An exact transcription of every record below is required, with the pictures left out.

───── RECORDS FOR THE EXERCISE ─────

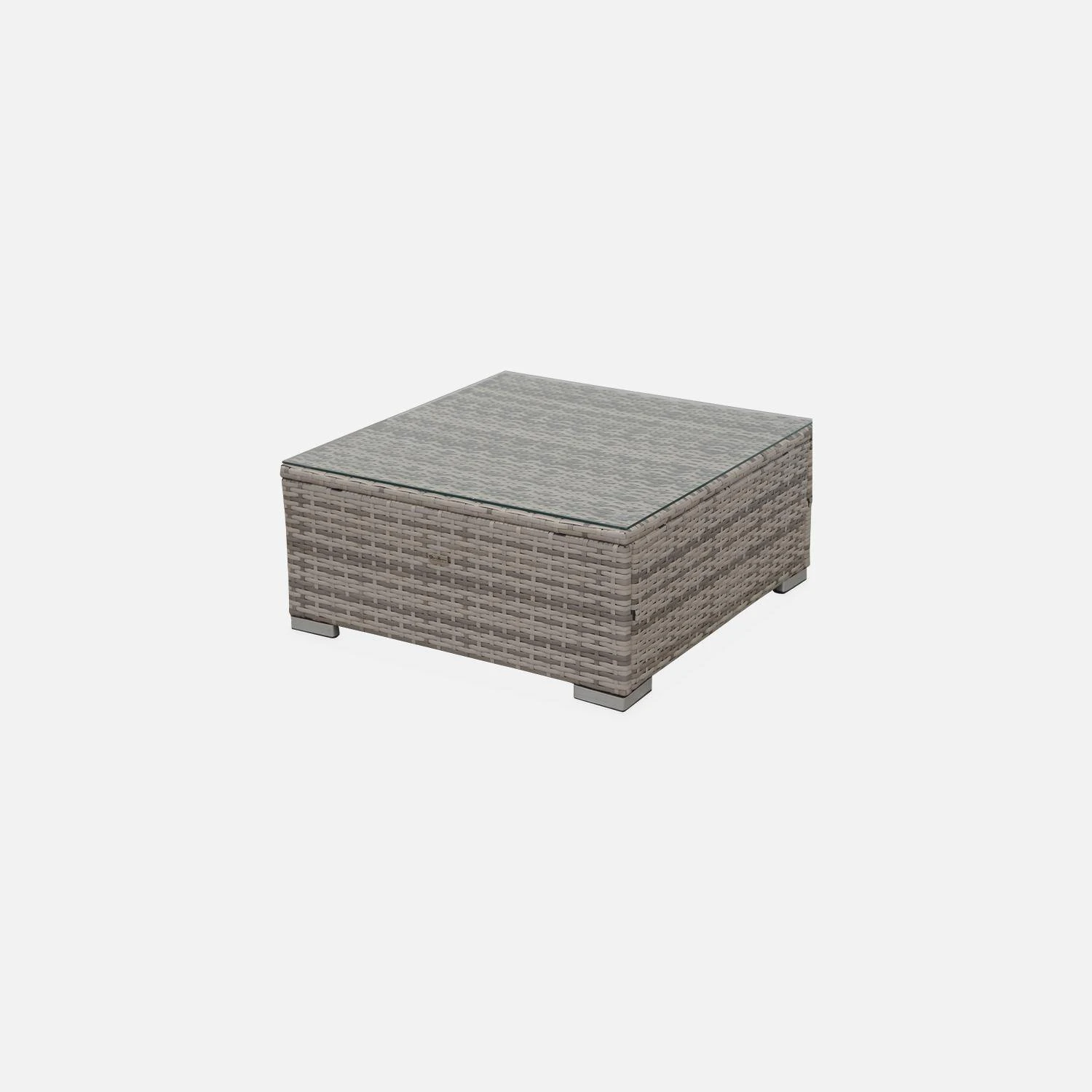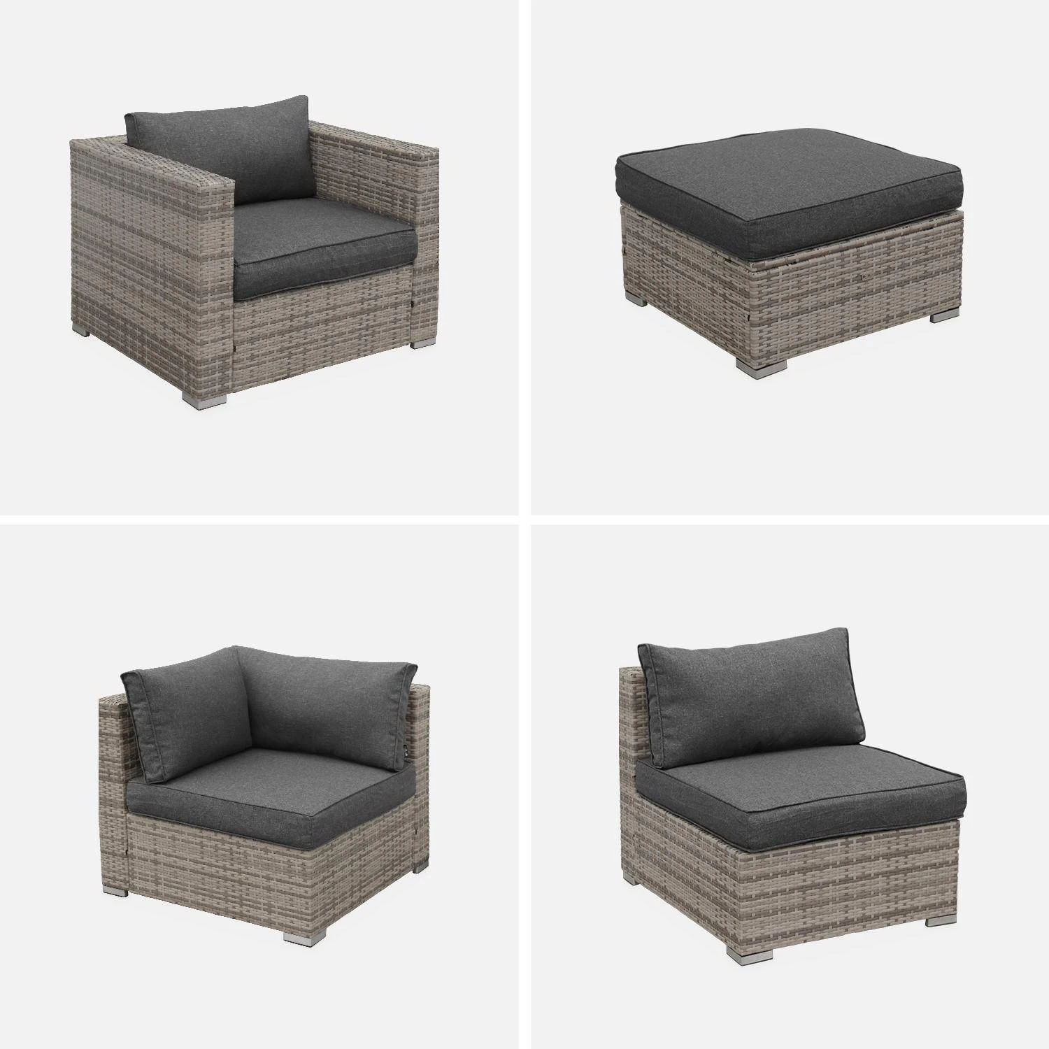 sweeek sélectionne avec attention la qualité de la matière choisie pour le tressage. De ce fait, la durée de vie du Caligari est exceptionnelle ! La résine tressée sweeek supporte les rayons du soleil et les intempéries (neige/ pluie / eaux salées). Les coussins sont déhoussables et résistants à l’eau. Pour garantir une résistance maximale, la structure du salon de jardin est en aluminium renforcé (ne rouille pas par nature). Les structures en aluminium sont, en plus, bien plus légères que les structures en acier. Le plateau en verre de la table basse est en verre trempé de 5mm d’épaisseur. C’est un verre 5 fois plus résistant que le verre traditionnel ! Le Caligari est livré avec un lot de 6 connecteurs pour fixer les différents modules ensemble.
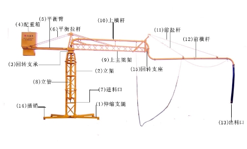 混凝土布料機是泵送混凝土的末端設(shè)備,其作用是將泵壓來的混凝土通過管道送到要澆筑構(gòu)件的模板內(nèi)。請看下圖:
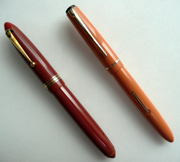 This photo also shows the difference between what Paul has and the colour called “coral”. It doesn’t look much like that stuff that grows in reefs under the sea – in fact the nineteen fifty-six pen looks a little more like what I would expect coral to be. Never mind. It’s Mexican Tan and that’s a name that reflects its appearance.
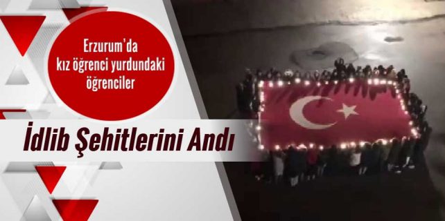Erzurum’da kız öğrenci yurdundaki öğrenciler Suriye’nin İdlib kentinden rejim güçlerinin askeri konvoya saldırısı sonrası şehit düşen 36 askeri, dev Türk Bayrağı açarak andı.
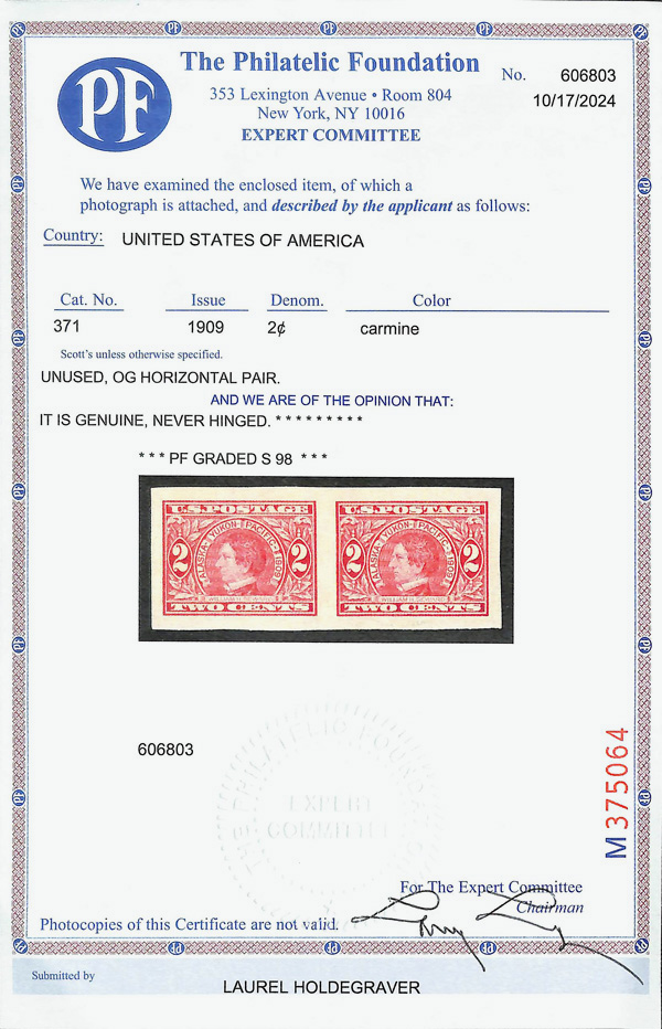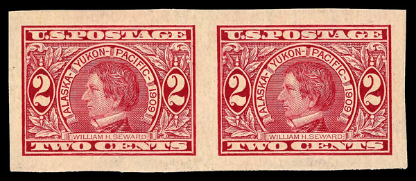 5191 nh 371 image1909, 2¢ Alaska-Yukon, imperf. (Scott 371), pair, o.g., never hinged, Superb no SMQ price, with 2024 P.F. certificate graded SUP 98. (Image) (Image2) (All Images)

─────

RESULT FOR THIS EXERCISE:
 sweeek sélectionne avec attention la qualité de la matière choisie pour le tressage. De ce fait, la durée de vie du Caligari est exceptionnelle ! La résine tressée sweeek supporte les rayons du soleil et les intempéries (neige/ pluie / eaux salées). Les coussins sont déhoussables et résistants à l’eau. Pour garantir une résistance maximale, la structure du salon de jardin est en aluminium renforcé (ne rouille pas par nature). Les structures en aluminium sont, en plus, bien plus légères que les structures en acier. Le plateau en verre de la table basse est en verre trempé de 5mm d’épaisseur. C’est un verre 5 fois plus résistant que le verre traditionnel ! Le Caligari est livré avec un lot de 6 connecteurs pour fixer les différents modules ensemble.
 混凝土布料機是泵送混凝土的末端設(shè)備,其作用是將泵壓來的混凝土通過管道送到要澆筑構(gòu)件的模板內(nèi)。請看下圖:
 This photo also shows the difference between what Paul has and the colour called “coral”. It doesn’t look much like that stuff that grows in reefs under the sea – in fact the nineteen fifty-six pen looks a little more like what I would expect coral to be. Never mind. It’s Mexican Tan and that’s a name that reflects its appearance.
Erzurum’da kız öğrenci yurdundaki öğrenciler Suriye’nin İdlib kentinden rejim güçlerinin askeri konvoya saldırısı sonrası şehit düşen 36 askeri, dev Türk Bayrağı açarak andı.
 5191 nh 371 image1909, 2¢ Alaska-Yukon, imperf. (Scott 371), pair, o.g., never hinged, Superb no SMQ price, with 2024 P.F. certificate graded SUP 98. (Image) (Image2) (All Images)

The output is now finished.